Mas essa submissão saudável a que Michelle se refere é diferente da vislumbrada por Paulo Figueiredo. Ela filiou mulheres, elegeu mandatárias, percorreu o país, criou uma base própria de seguidoras e líderes multiplicadoras de sua mensagem. Elas podem ser “auxiliadoras” no discurso, mas têm atuação prática e querem voz na política.
Não entendam mal. Estão longe de ser feministas, de ter uma agenda progressista para mulheres. Ao contrário, se dirigem às mulheres de bem como aquelas conservadoras cristãs, têm agendas de retrocesso em direitos reprodutivos conquistados, etc. A questão é só que querem elas mesmas exercer sua visão de mundo, por mais machista que essa visão de mundo possa parecer a olhos progressistas.
No vídeo, Michelle fez algo que a gramática política tem dificuldade em compreender: agiu com autonomia enquanto invocava o tempo todo a autoridade do marido como cobertura. Disse que consultou Jair. Que só agiu a mando dele. E ao mesmo tempo confrontou os enteados publicamente, reivindicou o capital que construiu. O conteúdo do vídeo era o de uma mulher exercendo poder. A embalagem era a de uma esposa obediente.

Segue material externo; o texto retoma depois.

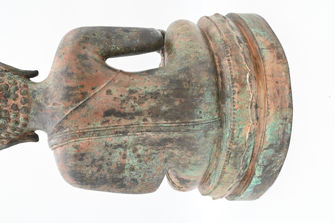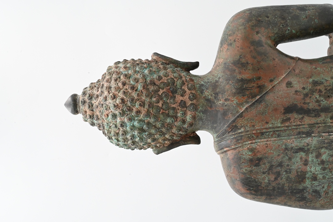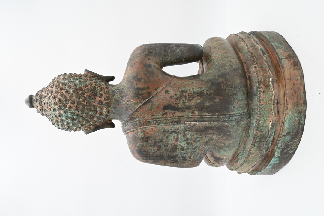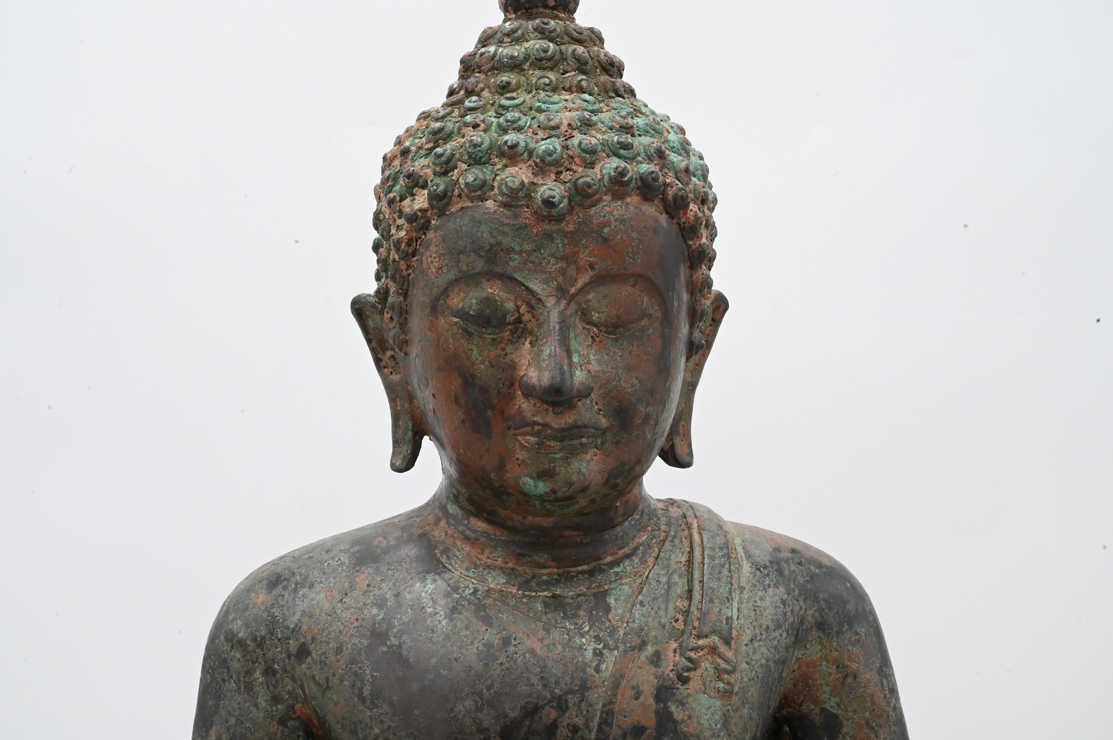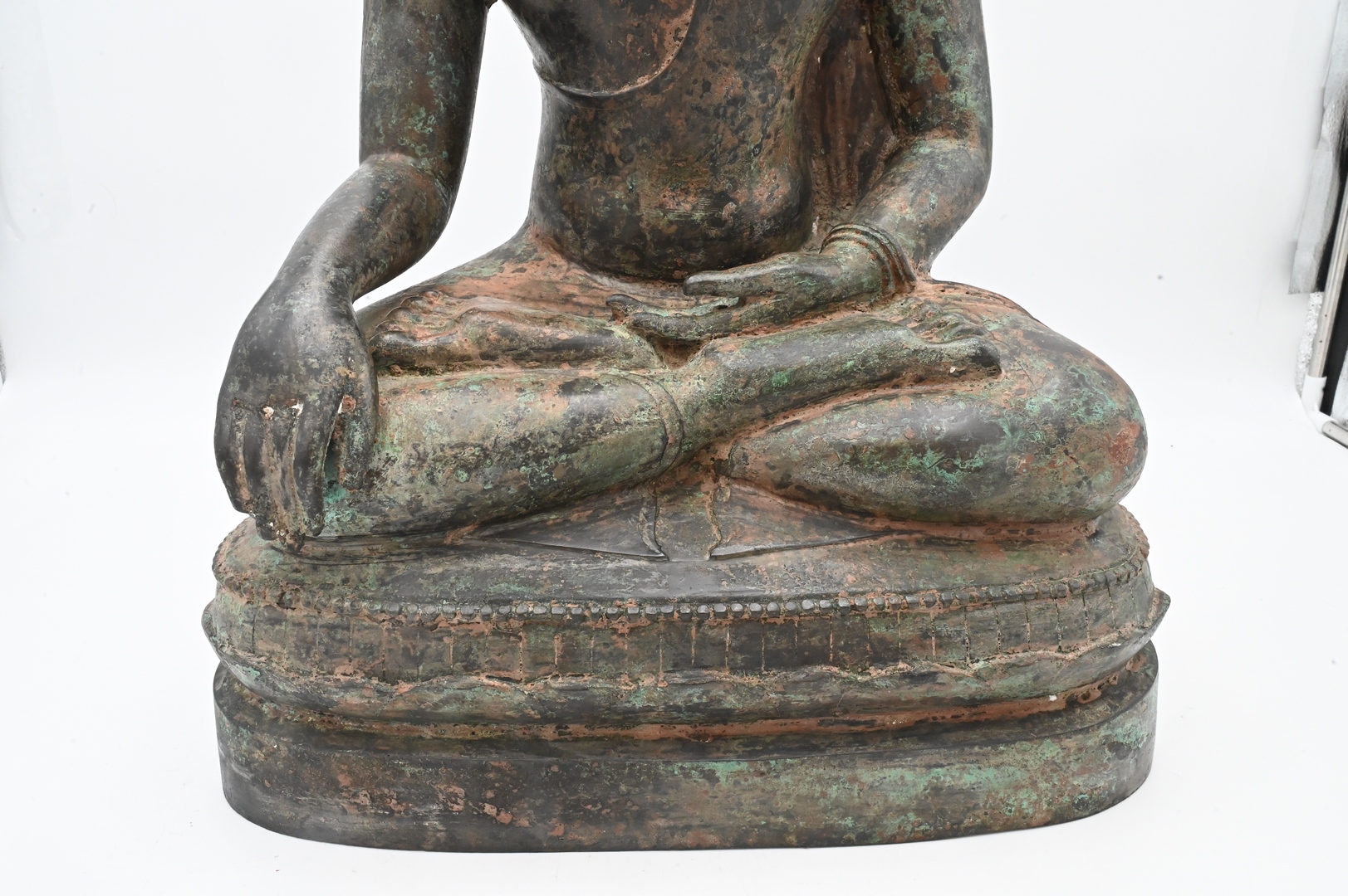 Large Asian Bronze Buddha, seated on lotus, shown in Bhumisparsha Mudra, height 23 1/2 inches.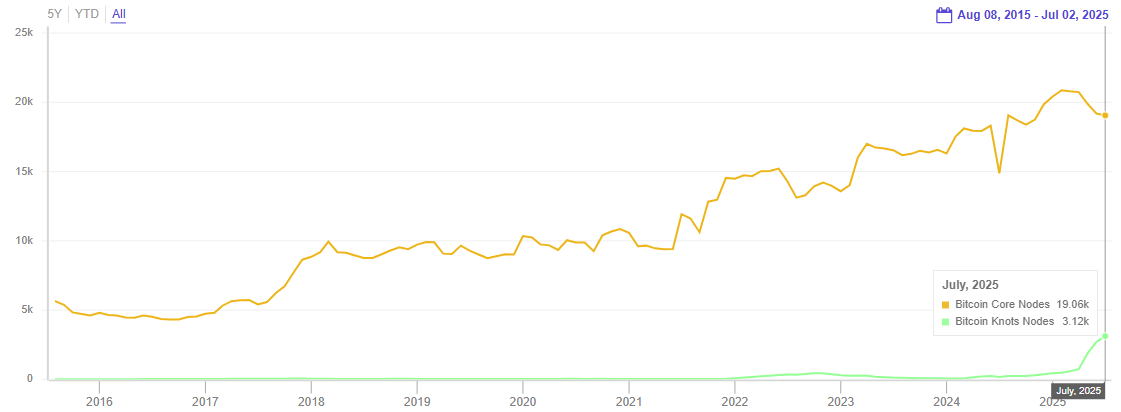 Core domina el 86% de nodos, pero la adopción de Knots crece rápidamente desde abril pasado.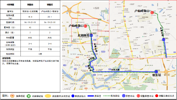 根据南宁市交通运输局《2015年度线网优化调整方案》,11月1日计划调整6路、31路等4条线路,具体优化调整方案如下: 一、6路由琅东站始发,运行至原终点站北湖路尾后延长至北湖园艺路口,新增“北湖村路口、北湖村、北湖村西、北湖安武路口、北湖安园路口、连畴村、北湖园艺路口”7对往返停靠站点。线路改道后,线长增加约2.5公里。 二、31路由大沙田始发,运行至原终点站后延长至高新东车场,新增“秀灵路北、秀灵秀厢路口、南宁市花卉公园、高新安阳路口、高新发展路口、高新东车场”7对往返停靠站点。线路改道后,线长增加约2.5公里。 三、将原71路支线变更为w8线,调整由竹溪立交始发至终点站东盟文化产业园,途径竹溪大道、青山路、青环路行驶,设“竹溪立交、市中级法院、竹溪苑、市环保局、青山英华路中、青环青山路口、交警九大队、南宁孔庙、广西民族博物馆”10对停靠站点,线路长度为9.7公里。 四、609路目前线路长达30公里,经研究决定,将线路调整为友爱北立交至博林山庄,具体走向为“秀厢大道、北湖北路、明秀路、友爱路、人民路、民主路、新民路、桃源路、双拥路、金洲路、桂春路、民族大道、青环路、凤岭南路、仙湖大道”。线路缩短为27公里。 附:线路调整改道示意图 2015年10月27日 6路调整走向示意图 31路调整走向示意图 605路调整走向示意图 71路调整走向示意图 |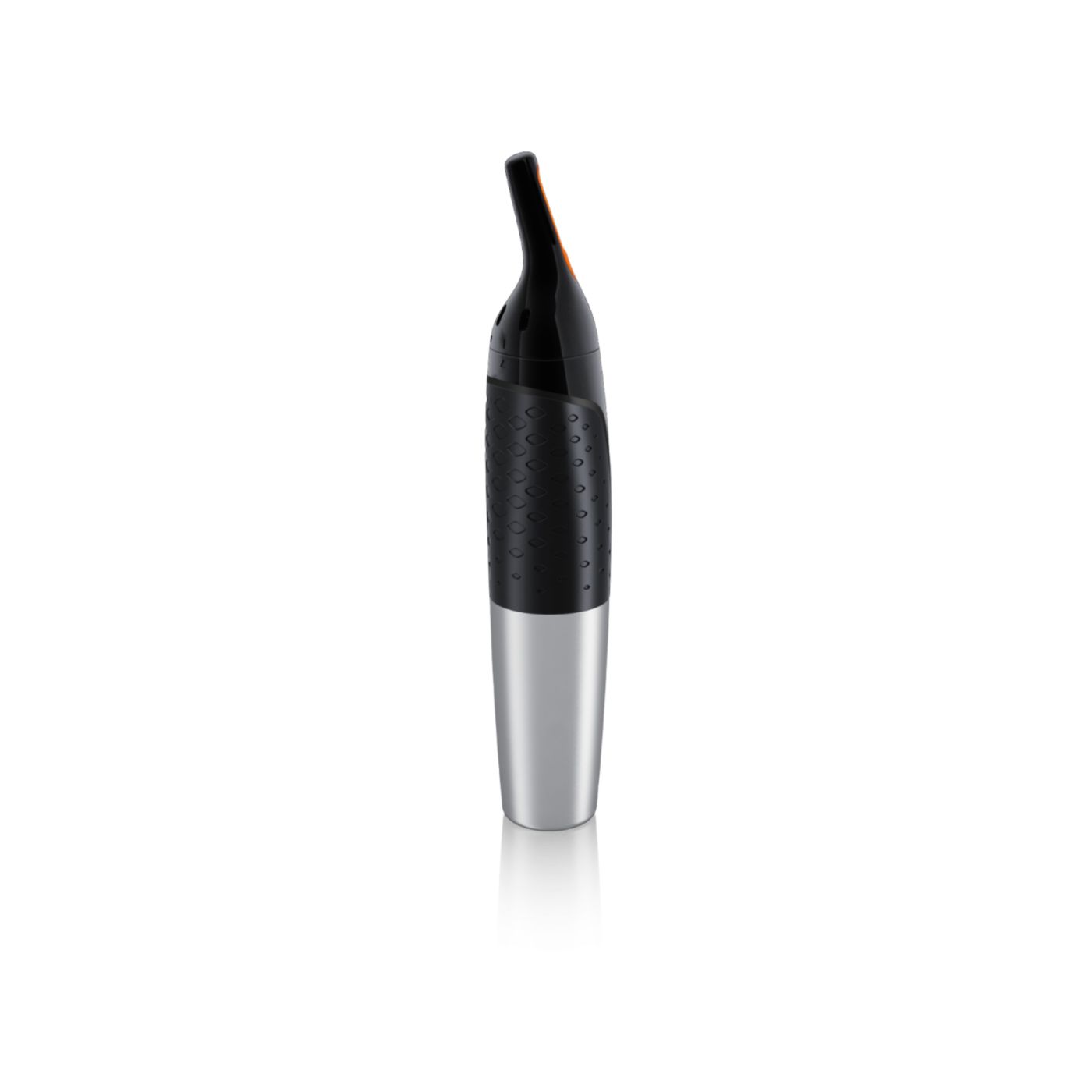 O aparador de pelos do nariz da Philips foi desenvolvido com angulação perfeita para alcançar facilmente os pelos dos ouvidos, do nariz e das sobrancelhas. Com o aparador de pelos do nariz da Philips Norelco, pode ter certeza de que todos os pelos indesejados serão removidos com eficiência.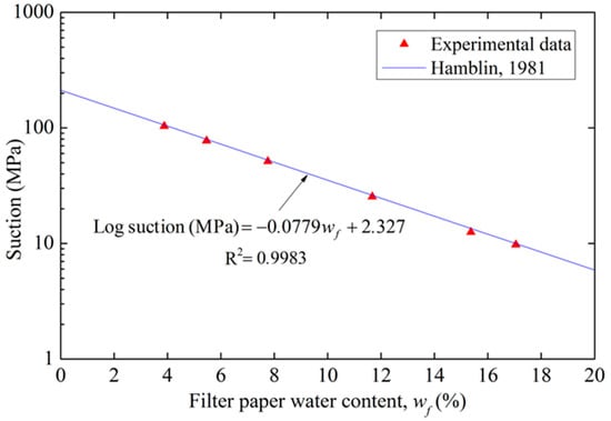 The measured moisture contents of filter paper are shown in Table 3. The filter paper moisture contents and the corresponding suction values of NaCl solution are drawn into the logarithmic coordinates for linear fitting. The calibration curve for Whatman No. 42 filter paper that is suitable for high suction values and filter paper moisture contents of less than 20% is shown in Figure 4, and the calibration results are consistent with the measurement results of Hamblin [32].

Acontece que o bolsonarismo criou Michelle Bolsonaro. Precisou dela para conquistar as mulheres que sistematicamente recusavam Jair. E agora não sabe o que fazer com ela.
E Figueiredo, ao dizer que mulher vota mal, está dizendo que o problema é que mulheres não são leais ao bolsonarismo e, por isso, nem deviam votar. Isso não vai colar no Brasil, onde mulheres, a maioria religiosas, chefiam a maioria dos lares. Mas ele também está dizendo que a solução que o bolsonarismo criou, que é Michelle, é pior do que o problema. E depois me questionam quando digo que Eduardo e o Eduardismo estão abertamente sabotando a campanha de Flávio.